La cosa estaba tan fulera, que el parque apenas tenía 13 millas de caminos abiertos. No se veía ni a treinta metros de distancia. Recorrimos lo que pudimos, como medio obligándonos a no pasar de largo por semejante lugar, pero poco nos duró aquella tozudez. Cruzamos miradas y dijimos ¿vamos para Canadá? Y vamos.
La frontera estaba desierta, no tuvimos que hacer fila, no nos revisaron el auto, nada. Solo nos preguntaron si llevábamos suficiente dinero. Si teníamos armas, drogas o bombas. Si bien no imagino a nadie contestando afirmativamente a esas últimas preguntas, no generamos suspicacias y el sello, haciendo un firulete en el aire, cayó sonando pesadamente contra nuestros pasaportes ¡Bam! La última frontera nos esperaba.
En unos pocos minutos, ganábamos las rutas del estado de la rosa salvaje, obteniendo más de lo mismo.
A los lados del camino, grandes pastizales se extendían subiendo y bajando lomas bastante atenuadas. Aún bajo la lluvia, los gigantescos pivotes de riego bañaban lotes enteros, donde un puñado de vacas muertas de frío, se amontonaban para mantener el calor. Ya con la “noche” respirándonos en la nuca, buscamos abrigo en un pequeño pueblo, sin mayor suerte. Manejamos por algunas millas más y finalmente decidimos golpear la puerta en un rancho.
Pedimos permiso para acampar y nos dejaron hacerlo en un galpón calefaccionado, en compañía de todas las mascotas de la casa (por suerte, no había hámsters). A la mañana hubo que luchar bastante para arrancar a la nave, que está dando últimamente fuertes signos de cansancio. Como sea, seguimos viaje hasta la ciudad de Calgary, donde nos esperaba una buena amiga que hicimos durante nuestro paso por Costa Rica.

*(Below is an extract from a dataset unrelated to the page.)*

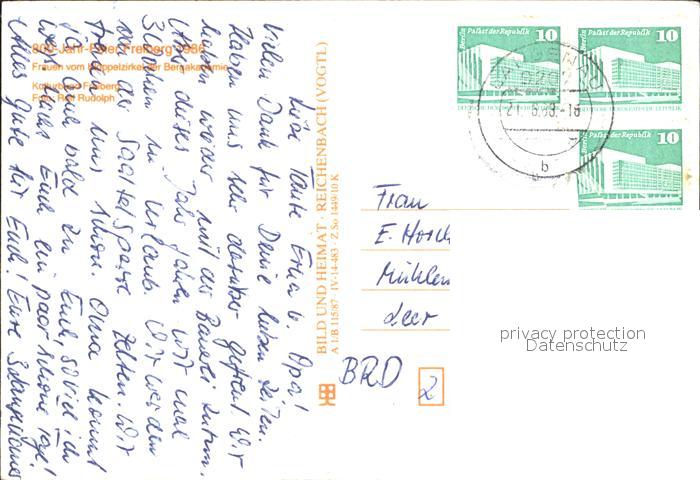 72081235 alte Postkarte Freiberg Sachsen 800 Jahr Feier Frauen Kloeppelzirkel Bergakademie postalisch gelaufen Erhaltung siehe scans KatCode: 11110014177150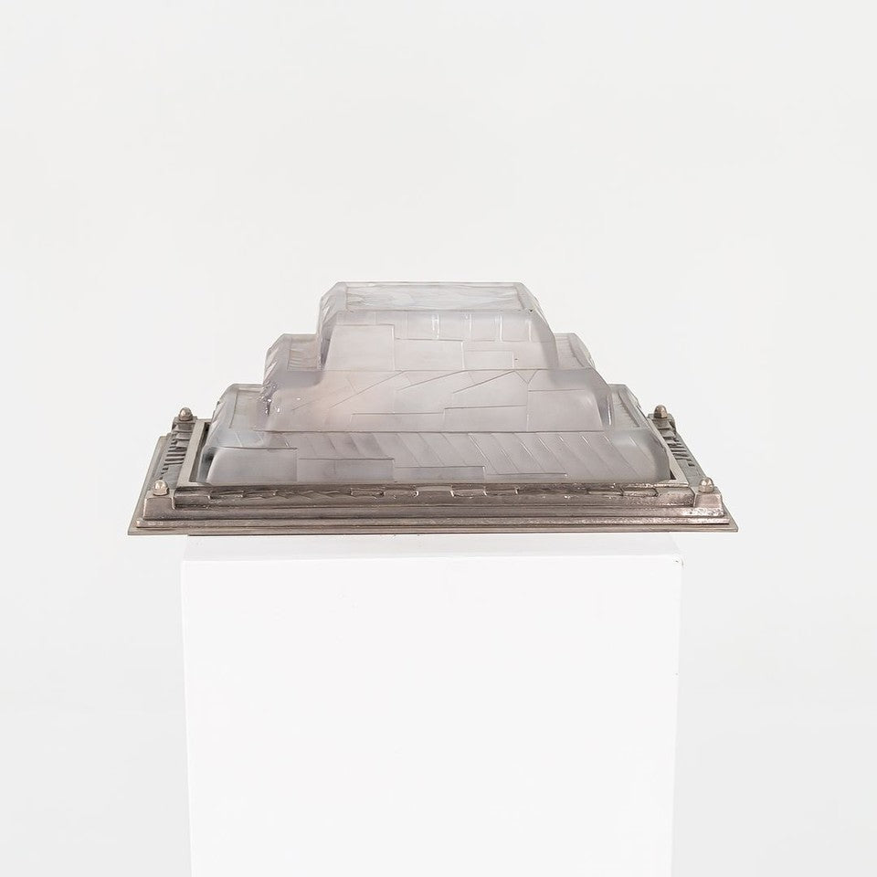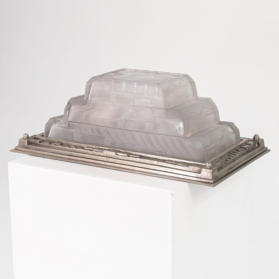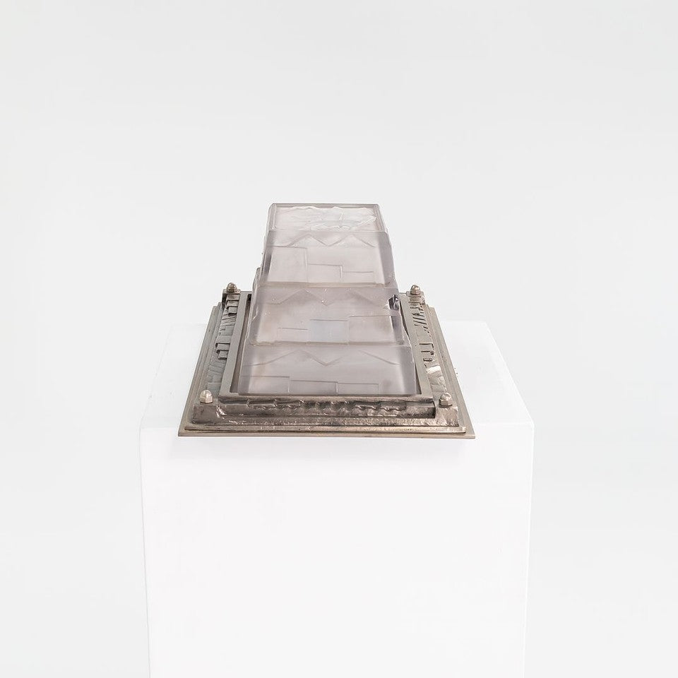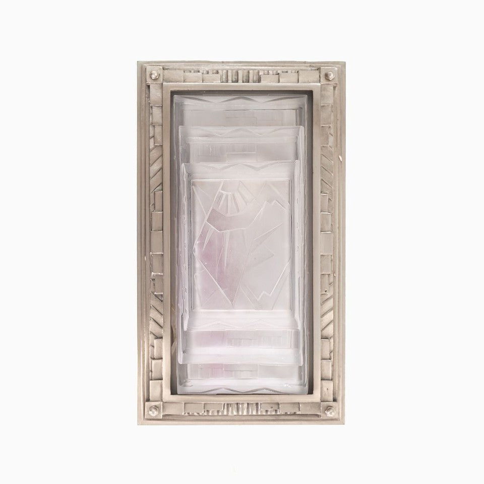 デザインは、精巧な幾何学的なエンパイア様式のモチーフが施された成形の透明なフロストガラスシェードが特徴で、ニッケルメッキのブロンズ製フレームに取付けられています。

Viajando hacia Calgary, el limpiaparabrisas funcionaba a cuenta gotas y cada tanto, una de las escobillas salía volando. Cuando estábamos con suerte, quedaba boyando sobre el capot y lográbamos rescatarla sin tener que parar. Otras tantas, había que correr a buscarla unos cuantos metros más atrás.
Siguiendo los consejos de Ignacio Copani, alambre y a otra cosa.
En la Ciudad, Anya nos recibió junto a su querido Henry con los brazos abiertos.
Henry es uruguayo. Anya se lo trajo desde la tierra charrúa, un año atrás, mientas volvía a Canadá, tras recorrer de ida y vuelta todo el continente americano en una Land Crusier. Nosotros nos conocimos en las playas de Manuel Antonio, en la hermosa Costa Rica y desde entonces la invitación para pasar por Calgary estaba firme.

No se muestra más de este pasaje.